[JURIST] US Attorney General Eric Holder [official profile] invoked the state secrets privilege [text, PDF] Monday to block evidence in a lawsuit against the Federal Bureau of Investigation (FBI) [official website] over its investigation into Muslim mosques. The Department of Justice (DOJ) [official website] also filed a motion to dismiss claims and for summary judgment [text, PDF] in the US District Court for the Central District of California [official website] claiming that without the privileged information many of the claims against the FBI could not continue. The American Civil Liberties Union (ACLU) and the Council on American-Islamic Relations of California (CAIR) [advocacy websites] brought a lawsuit on behalf of three Muslim individuals [Politico report] in California against the FBI alleging that during its “Operation Flex,” FBI investigators infiltrated mosques and indiscriminately collected information on innocent Muslims simply because they were Muslim. The plaintiffs are bringing the claim under 42 USC § 1985(3) [text] alleging the investigation violated their civil rights including the First Amendment Free Exercise and Establishment Clauses, the Fourth Amendment, the Privacy Act and the Federal Intelligence Surveillance Act. They sought to obtain as evidence classified statements by Mark Giuliano, Assistant Director of the FBI’s Counterterrorism Division. Holder filed a declaration formally invoking the state secrets privilege:
After careful and actual personal consideration of the matter, I have concluded that disclosure of the three categories of information described below and in more detail in the classified Giuliano Declaration could reasonably be expected to cause significant harm to the national security, and I therefore formally assert the state secrets privilege over this information.

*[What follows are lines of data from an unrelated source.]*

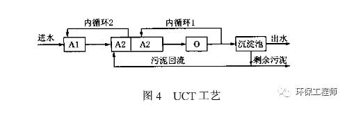 uct 工藝另辟蹊徑, 把常規(guī) a2/ o 工藝的缺氧區(qū)分為前后兩個部分( 如圖 4) 。內(nèi)循環(huán) 1 將硝化液從好氧區(qū)( o) 回流至缺氧區(qū)( a2) , 內(nèi)循環(huán)2將a2區(qū)前部的混合液循環(huán)至a1區(qū), 回流污泥不是直接進入a1區(qū), 而是先進入a2區(qū)前部。這種作法實際上是劃出一個小的缺氧區(qū)專門消耗回流污泥中的硝酸鹽, 故避免了回流污泥中的硝酸鹽對厭氧區(qū)的沖擊,改善了聚磷菌的釋磷環(huán)境。但是, 進入a2區(qū)前部的回流污泥實際上只有一小部分由內(nèi)循環(huán)2運至a1區(qū), 其余大部分未經(jīng)釋磷直接進入后續(xù)工藝。也就是說, 在所排除的剩余污泥中只有一小部分經(jīng)歷了完整的釋磷、吸磷全過程, 其實際除磷效果可能因此而大受影響。常規(guī)a2/o工藝實際上也存在類似缺陷。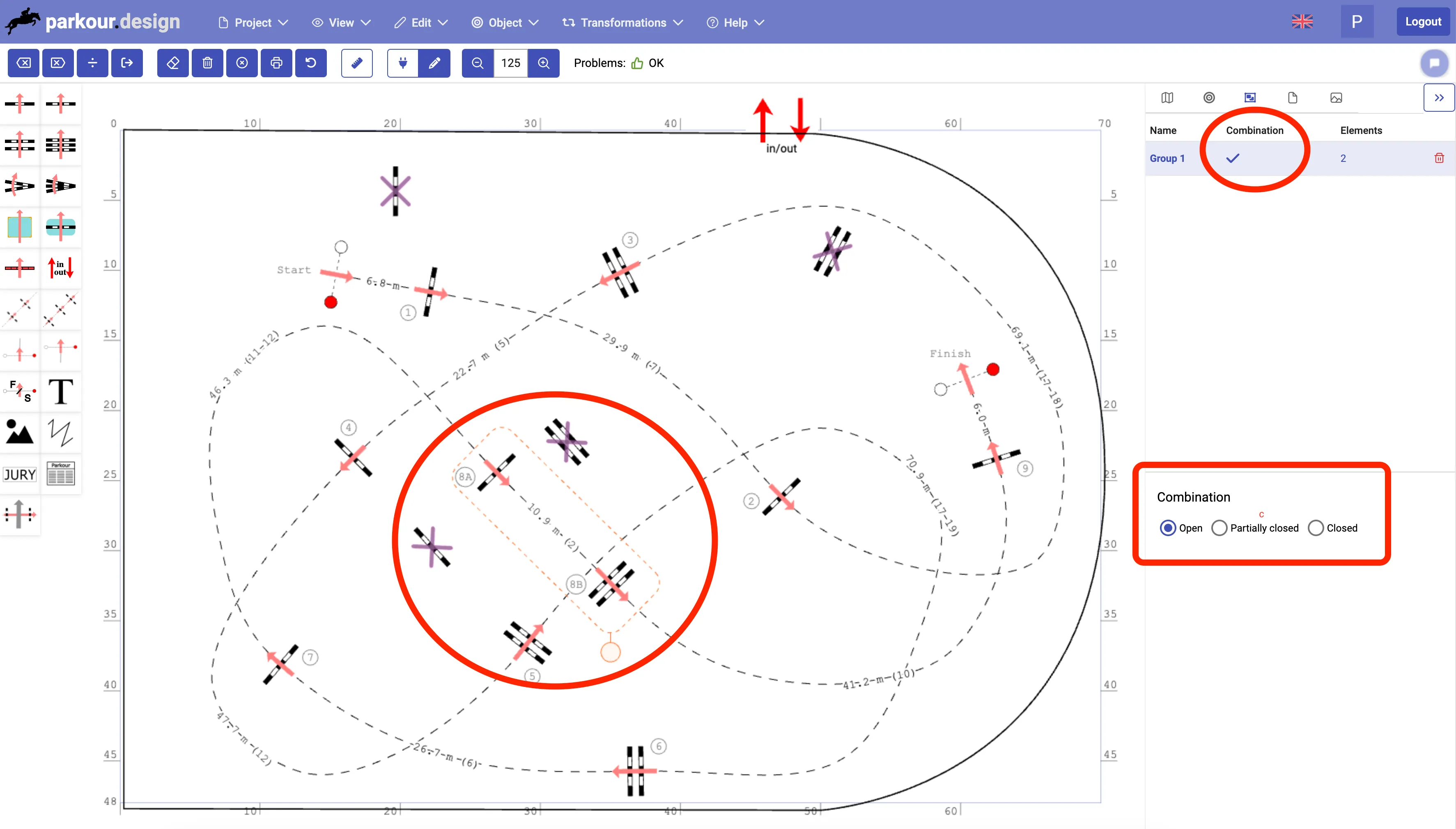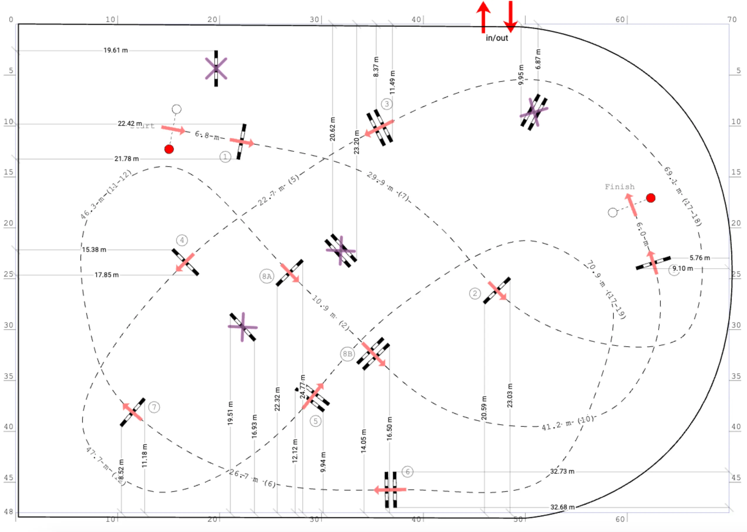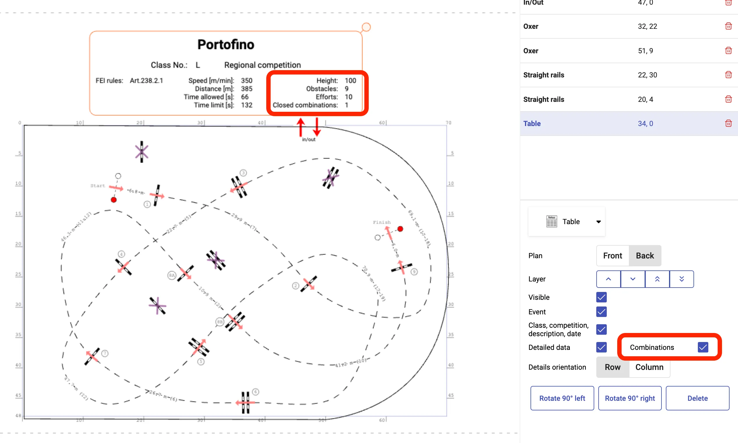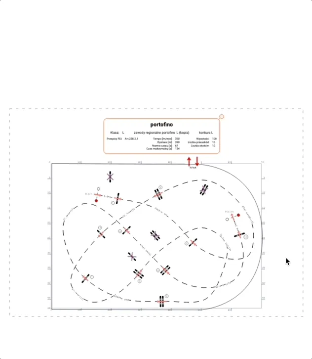 Dodano możliwość wyświetlania i drukowania linii odległości końców przeszkód od brzegu pola. Te linie mogą być pomocne przy rozstawianiu przeszkód na placu.
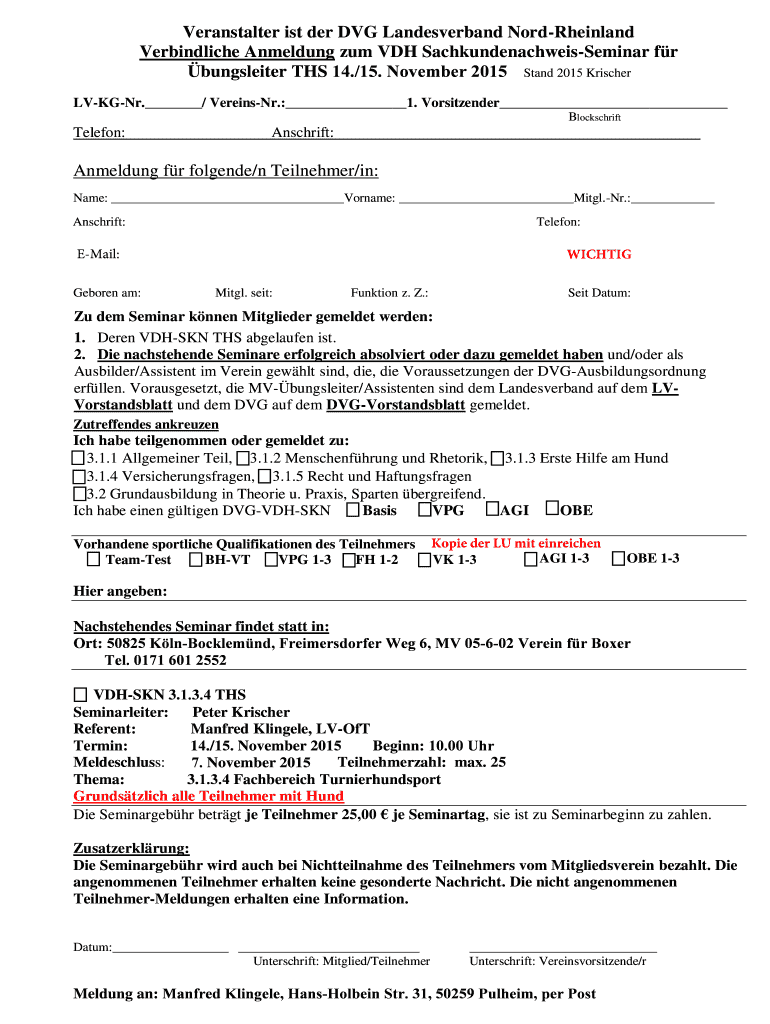 Veranstalter is her DVD Landesverband Nord-Rheinland Verbindliche Amending sum VH Sachkundenachweis-Seminar f r bungsleiter THS 14./15. November 2015

Holder said the statements could confirm or deny targets of counterterrorism investigations, methods used and confidential sources, which would harm national security. He attached a 2009 memorandum that set policies and procedures for the use of the privilege with the stated goal “to strengthen public confidence that the US Government will invoke the privilege in court only to the extent necessary to safeguard those interests.”
The FBI has come under controversy for its investigation of Muslims in the US before. In 2009, FBI Director Robert Mueller [official profile] said the FBI will continue investigating mosques [JURIST report] when there may be evidence or information regarding criminal wrongdoings after the Council of Islamic Organizations of Michigan [advocacy website] sent a complaint to Holder alleging the FBI had been asking members of the Islamic community to spy on religious leaders and followers. The alleged conduct might be allowable under the attorney general’s guidelines [text, PDF] passed in 2008 governing FBI investigations, which rights groups say open the door to racial and religious profiling [ACLU backgrounder]. In February, a man claimed [LAT report] that he had been commissioned by the FBI to infiltrate several Orange County mosques. The informant had provided information to the agency regarding Ahmadulla Sais Niazi, a Muslim man accused of lying about his ties to al Qaeda. Last year, the FBI responded to criticism [press release] regarding alleged investigations into mosques and the Muslim community claiming that “the FBI [does not] have a surveillance program to monitor the constitutionally protected activities of houses of worship.” Although Mueller has defended the new attorney general guidelines as a “necessary step” in fighting terrorism, the proposed guidelines were amended [JURIST reports] by the DOJ last year before they came into effect to appease Congress and civil rights groups.